== Input data ==
######

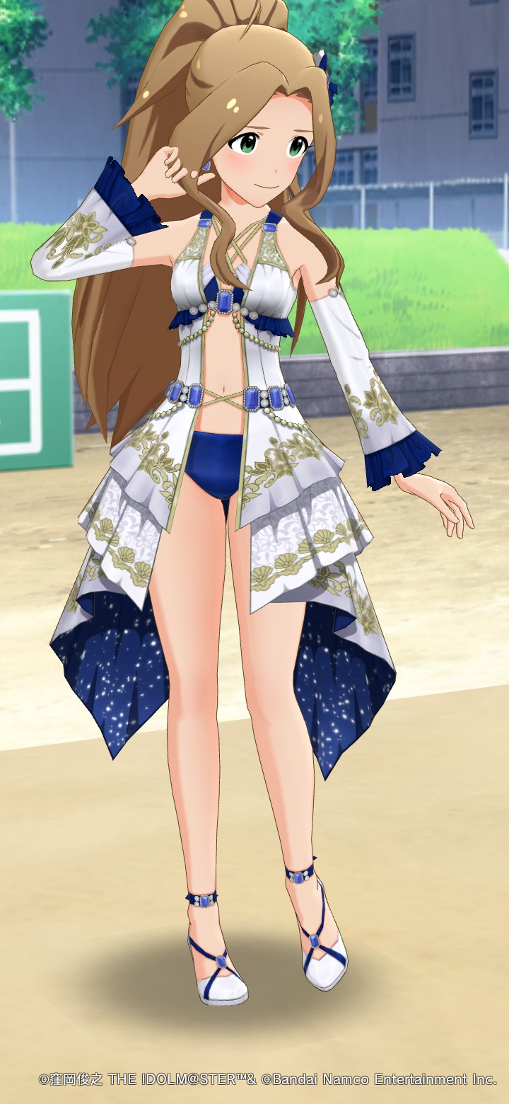 校庭で水着やライブ衣装を着るミスマッチ感でもこれはこれでいい。無理強いさせられたっぽさあるよね#ミリシタ #ミリシタスクショ夜の1枚
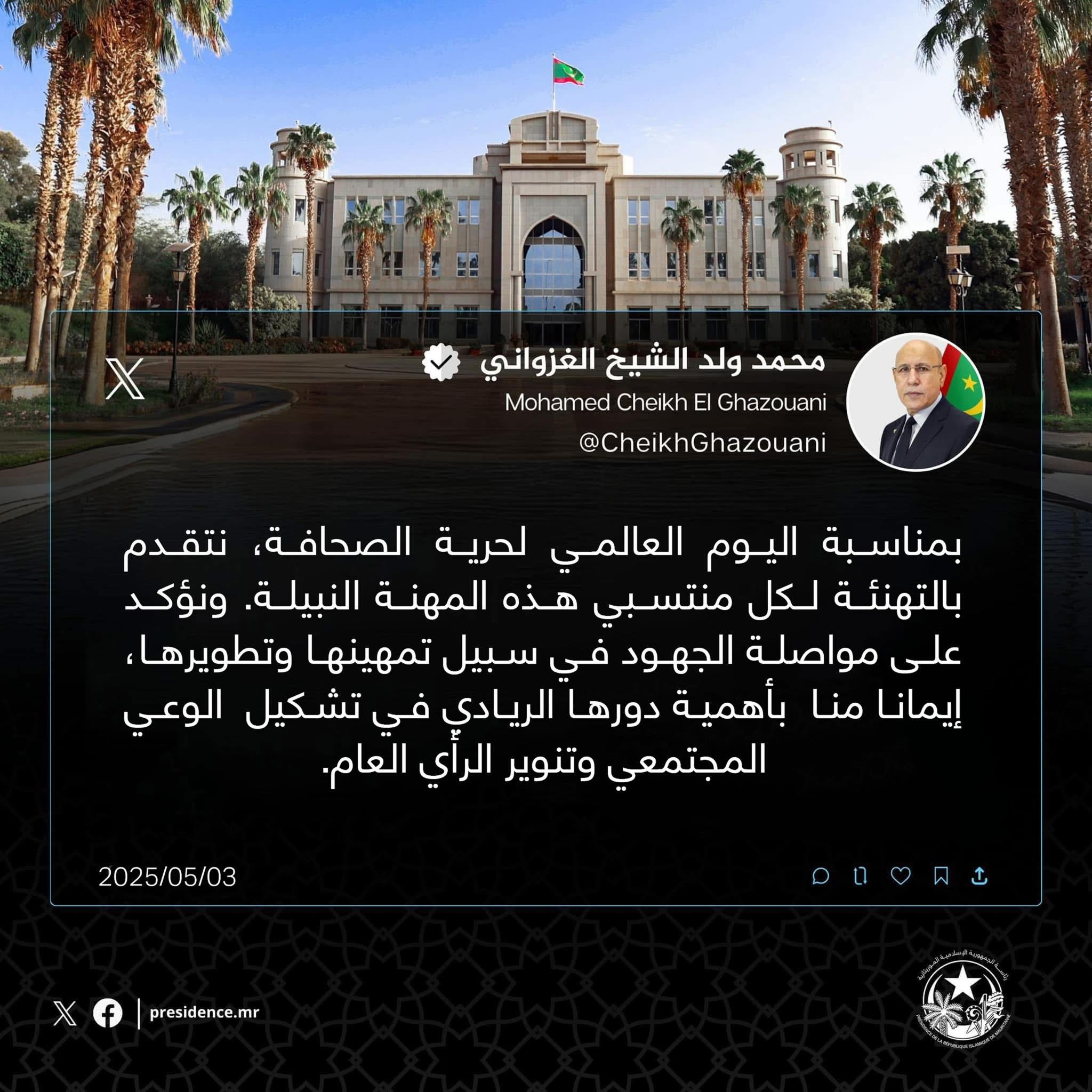 كتب الرئيس غزواني على حسابه فى تويتر سابقا:
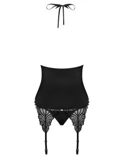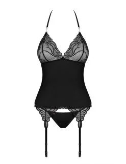 Un modèle de guêpière noire design faite d’empiècements de dentelle transparente sublimée de motifs et tissu uni doux.

######

== Action item ==
Copy out the whole listing exactly, and don't carry over any pictures.

== Task answer ==
 校庭で水着やライブ衣装を着るミスマッチ感でもこれはこれでいい。無理強いさせられたっぽさあるよね#ミリシタ #ミリシタスクショ夜の1枚
 كتب الرئيس غزواني على حسابه فى تويتر سابقا:
 Un modèle de guêpière noire design faite d’empiècements de dentelle transparente sublimée de motifs et tissu uni doux.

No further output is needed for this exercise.